場外からなら上手く場内に収まるかも知れない。ルールならここから技を出したらもちろん反則だが、それを取るかどうかもまた紫次第なのだ。
(…行ってみるか!)
近づいて登らなければならない石台を飛び越そうと、じり、と助走距離をとる姫和にその意図を察したか、馘が構えを現わす。
「…!?」
どれ程の者が気付いたか。
姫和は、気付いているのか。
(あの構えは…!)
ミルヤも由依も清香も、異変に気付いた。
やや低い位置に居る姫和には見て取れないかも知れない。馘の足位が先と変じているのだ。御前試合初日、それをを目撃した刀使にとっては鮮烈すぎた刀勢は――
((唯一の太刀――!))
一条は場内の馘に。
一条は場外の姫和に。
稲妻は、二条走った。
(な…)
互いが互いを見失っていた。
それどころか、己が位置すら見失っていた。互いの目標が、互いに向かって極超音速で奔ったのだ。相対速度はマッハ10に達した可能性すらある。これは自衛隊のスタンダード地対空ミサイルですら迎撃不能の速度であった。
周囲を見回し、やっと気づく。
姫和は場内に居た。馘が居た辺りだったが突き貫いた筈の馘の姿は無い。
馘は場外に居た。もちろん姫和を貫くことは出来なかったにもかかわらず、襤褸の外からもそうと分かるくらいに、会心の笑みであった。
「これ程とは…柊の秘剣恐るべし。しかし得たぞ、打倒折神の切り札を」
「馘きさま…」
何と言うことか。
馘は盗んだのだ。柊の秘太刀を。唯一の太刀を。
(ハナから、それが狙いか…!)
姫和は蒼白となっていた。
今際流試刀術の脅威に恐れをなした…のではない。
血の気が引いて蒼ざめる程に、姫和は憤っていたのだ。
馘は昨日、怨敵折神紫と同じく二刀流の刀使、七之里呼吹と仕合い、岩倉早苗の写シを盗み一指の太刀で辛くも勝利を得た。
これを馘は布石としたのだ。
「次鋒を用意されよ」
馘は言っていたが、呼吹に勝利すれば次の相手は五条丹穂か姫和か何れかになる。

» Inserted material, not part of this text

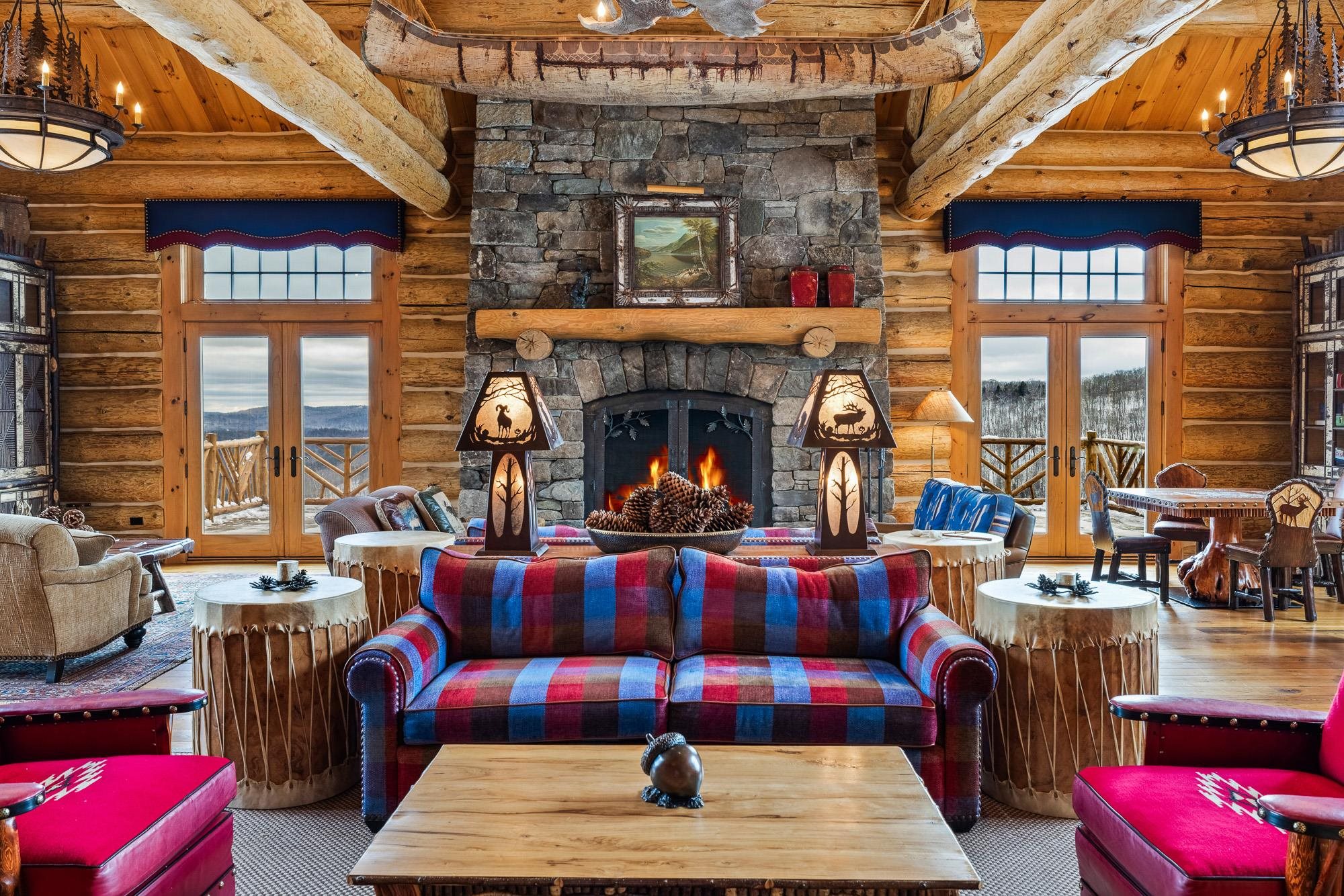 SHOWINGS SHALL BEGIN AT FEBRUARY 12TH OPEN HOUSEPremier 416 acre Vermont Mountain Sanctuary -Luxury Estate with sweeping mountain views-a rare expression of outdoor and mountain living where nature inspired artistry, master craftsmanship and the environment converge in quiet harmony.. Set within an expansive private landscape, the 10, 000+SF residence unfolds as a sanctuary oasis designed to elevate everyday living, remaining deeply rooted in its surroundings while still just a short drive to Stratton Mountain Resort and the Stratton Helipad. Step into an open-concept haven where elegance meets comfort. Framed by soaring timber beam ceilings, the main living area echoes the grandeur of the mountains while preserving the warmth and intimacy of a true retreat. Natural materials, handcrafted details, and thoughtful design choices create a home that feels warm, timeless and deeply personal. The estate preserves uninterrupted views across the landscape—ensuring that natural beauty remains the focal point from every vantage point.The grand stone fireplace anchors the living area, drawing the eye to soaring ceilings and expansive windows that frame breathtaking mountain ridges. Sunlight floods the space, highlighting the harmonious blend of natural textures and refined finishes.The gourmet kitchen blends beauty and function with custom wood cabinetry, hand-carved artistic accents, a welcoming breakfast bar, and an expansive island designed for conversation, connection, and effortless entertaining. Every space in this residence has been intentionally designed with a keen eye to detail. While every room blends effortlessly with the home’s elevated rustic feel, each one remains extremely unique. Offering six en-suite bedroom in the main residence and 2 bedroom2.5 bath guest quarters. Main Residence with extraordinary gathering rooms and multiple suites, 5 bay barn, guest quarters, pond, miles of maintained trails for mountain biking and winter activities,

紫がトーナメントを変更する可能性もあるものの、そうはしないだろうと馘は読んだのだ。
姫和と対峙すれば一つの太刀を盗めるばかりか、一度写シを剥がれれば使用出来なくなる。伍箇伝は荒魂払いの秘剣を失うこととなり、損害は少なく無い。
対する折神紫が何処まで考慮していたのかは分からない。どうせ一つの太刀を盗まれるのならば、直接に一つの太刀をぶつけてしまえば良いと考えたのか。
(ともかくも、馘はこの私を、打倒紫さまの足掛かりにした…)
打倒折神の標石としか見られていなかったことが腹立たしいのか。
或いは母のその母の、そのまた母の母、遥か千年の以前より受け継いできた柊の業を断りも無く盗まれたことへの怒りか。
何れでもない。
(では岩倉さんの一指の太刀は、そのまた踏み台だったというでもいうのか…!)
岩倉さんの大切に育んで来た刀使の魂とも言えるものを、まるで履き古した靴かなにかのように。
「…許さんぞ、馘」
食いしばった歯の内から、憤怒が漏れた。怒る姫和の心中にあった第一は、それだった。試合の前は一指の太刀を奪った馘に憤っていた姫和は、こんどはそれを…岩倉早苗の大切な一指の太刀を簡単に捨て去った馘に怒りを覚えていたのである。
衛藤可奈美へと羽ばたくには程遠い、母篝に遠く及ばぬ我が技、我が写シにどれ程の価値や有る。ついこの間までは、伍箇伝に返すつもりであったものだ。あの夜、岩倉早苗に敗れるまでは――
今ここに私がこうして在るのは岩倉さんの御陰なんだぞ。
分かっているのか、馘…!
(怒りに我を見失うな柊の娘! 見失えば剣もまた行く先定まらぬぞ!)
(分かっている!)
紫に聴き取れぬよう小声? で注意を促すイチキシマヒメにはそう返して置く。
分かっているのだ。私は冷静。冷静だ。
(怒りに流されやしない。しないとも)
両者の立っている場所は反対になっていた。先ほどまで姫和が居た場外で馘が見上げ、馘が居た石台の高みで姫和が見下ろしている。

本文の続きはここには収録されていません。